Birgit Krawietz ist neue Professorin am Institut für Islamwissenschaft der Freien Universität

22.07.2009

Professorin Birgit Krawietz beschäftigt sich als Islamwissenschaftlerin mit dem islamischen Recht
Professorin Birgit Krawietz beschäftigt sich als Islamwissenschaftlerin mit dem islamischen Recht Bildquelle: Sabrina Wendling

„Macht die Scharia dick?“. Hinter der ziemlich provokanten Frage, die Birgit Krawietz in einem noch unveröffentlichten Aufsatz über Sport in der islamischen Welt stellt, verbirgt sich eine breite Forschungsarbeit. Die Wissenschaftlerin geht den unterschiedlichen Aspekten von Sport und Körpergestaltung in der islamischen Welt nach.

In den meisten europäischen Ländern gilt Fußball als Nationalsportart, und auch in der islamischen Welt hat sich der Ballsport längst durchgesetzt. Birgit Krawietz, neuberufene Professorin für Islamwissenschaft an der Freien Universität Berlin, betrachtet Sport als „Körperpolitik“, als „nationale Ressource“: „Die besonders um Identitätskonstruktion und Marktpositionen bemühten Monarchien auf der Arabischen Halbinsel versuchen, global vertretene Sportarten mit hoher Medienpräsenz in ihre Strategien von „Nation Branding“ einzubinden“, sagt Krawietz. So ist Bahrain etwa mit seiner weithin unbekannten Hauptstadt Manama seit 2004 Austragungsort für die Formel 1.

Was sagt eine Sportart über das Land aus, in dem sie betrieben wird?

Neben Fußball und der Formel 1 würden aber auch andere, einheimische Sportarten oder Bewegungsformen als „nationales Erbe“ betrachtet, wie die Islamwissenschaftlerin sagt. In der Türkei beispielsweise wird das Ölringen besonders gefördert. Warum ist das so? Inwiefern repräsentieren bestimmte Sportarten eine jeweilige Nation? Neben diesen Fragen beschäftigt sich Birgit Krawietz vor allem mit der Entwicklung und den Doktrinen islamischen Rechts bzw. islamischer Normativität sowie deren Einbettung in die islamische Geistes- und Kulturgeschichte.

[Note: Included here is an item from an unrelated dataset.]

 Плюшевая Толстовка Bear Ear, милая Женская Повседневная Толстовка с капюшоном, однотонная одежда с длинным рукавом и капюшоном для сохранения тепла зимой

Von Freiburg nach Princeton und Harvard

Birgit Krawietz promovierte an der Universität Freiburg über den Schutz des menschlichen Körpers in der Scharia und  habilitierte sich an der Universität Tübingen über die „Hierarchie der Rechtsquellen im tradierten sunnitischen Islam“. Von 1999 bis 2000 war die Islamwissenschaftlerin Mitglied am „Institute for Advanced Study: School of Historical Studies“ an der amerikanischen Princeton University, danach forschte sie im Rahmen eines Stipendiums an der Harvard University.

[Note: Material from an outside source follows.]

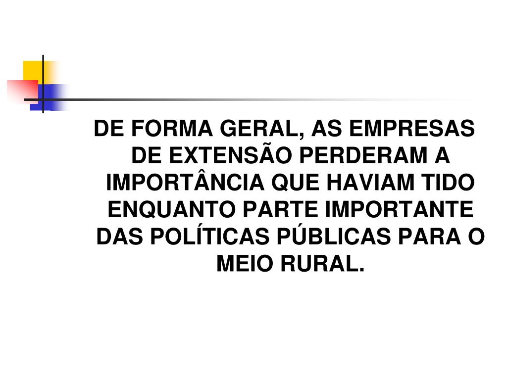 DE FORMA GERAL, AS EMPRESAS DE EXTENSÃO PERDERAM A IMPORTÂNCIA QUE HAVIAM TIDO ENQUANTO PARTE IMPORTANTE DAS POLÍTICAS PÚBLICAS PARA O MEIO RURAL.

Von 2000 bis 2005 vertrat sie eine Professur für das Fach „Arabistik und Islamwissenschaft” an der Universität Bochum. Als Gastprofessorin für „Gender und Islam“ arbeitete Krawietz an der Universität Zürich und forschte währenddessen auch am Berliner Zentrum Moderner Orient. Vor der Besetzung der Islamprofessur seit diesem Semester hatte die Wissenschaftlerin schon einen Lehrauftrag an der Freien Universität. Hier reizt sie besonders die enge Vernetzung mit der interdisziplinär arbeitenden „Berlin Graduate School Muslim Cultures and Societies“, einer der im Exzellenzwettbewerb des Bundes und der Länder erfolgreichen Einrichtungen.

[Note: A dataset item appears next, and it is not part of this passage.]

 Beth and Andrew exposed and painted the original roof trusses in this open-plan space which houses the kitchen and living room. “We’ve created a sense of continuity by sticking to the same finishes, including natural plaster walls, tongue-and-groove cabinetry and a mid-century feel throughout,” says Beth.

Die politische Botschaft mittelalterlicher Doktrinen

Einen Schwerpunkt in ihrer Arbeit legt Krawietz auf die  islamische Rechtslehre: Die Auslegung der Scharia begreift sie als einen sich ständig fortbildenden, kreativen Prozess, den es genau zu beobachten gilt. Außerdem forscht die Islamwissenschaftlerin zu Autoren der Vormoderne und des Mittelalters, wie Ibn Taymiyya sowie dessen Schüler Ibn Qayyim al-Jawziyya. Sie untersucht, wie deren Doktrinen von zeitgenössischen Autoren wieder aufbereitet werden. Krawietz interessiert sich für die mögliche politische Intention: „Wer heutzutage mittelalterliche Werke ediert, sendet ganz klar eine politische Botschaft “, meint die Wissenschaftlerin.

Birgit Krawietz weiß sehr gut um die tagespolitische Brisanz ihres Forschungsbereiches. Dennoch ist es ihr Anliegen, nicht nur auf aktuelle Ereignisse in der islamischen Welt einzugehen, sondern selbst Themen zu setzen und Verbindungslinien zur islamischen Geistes- und Kulturgeschichte zu ziehen.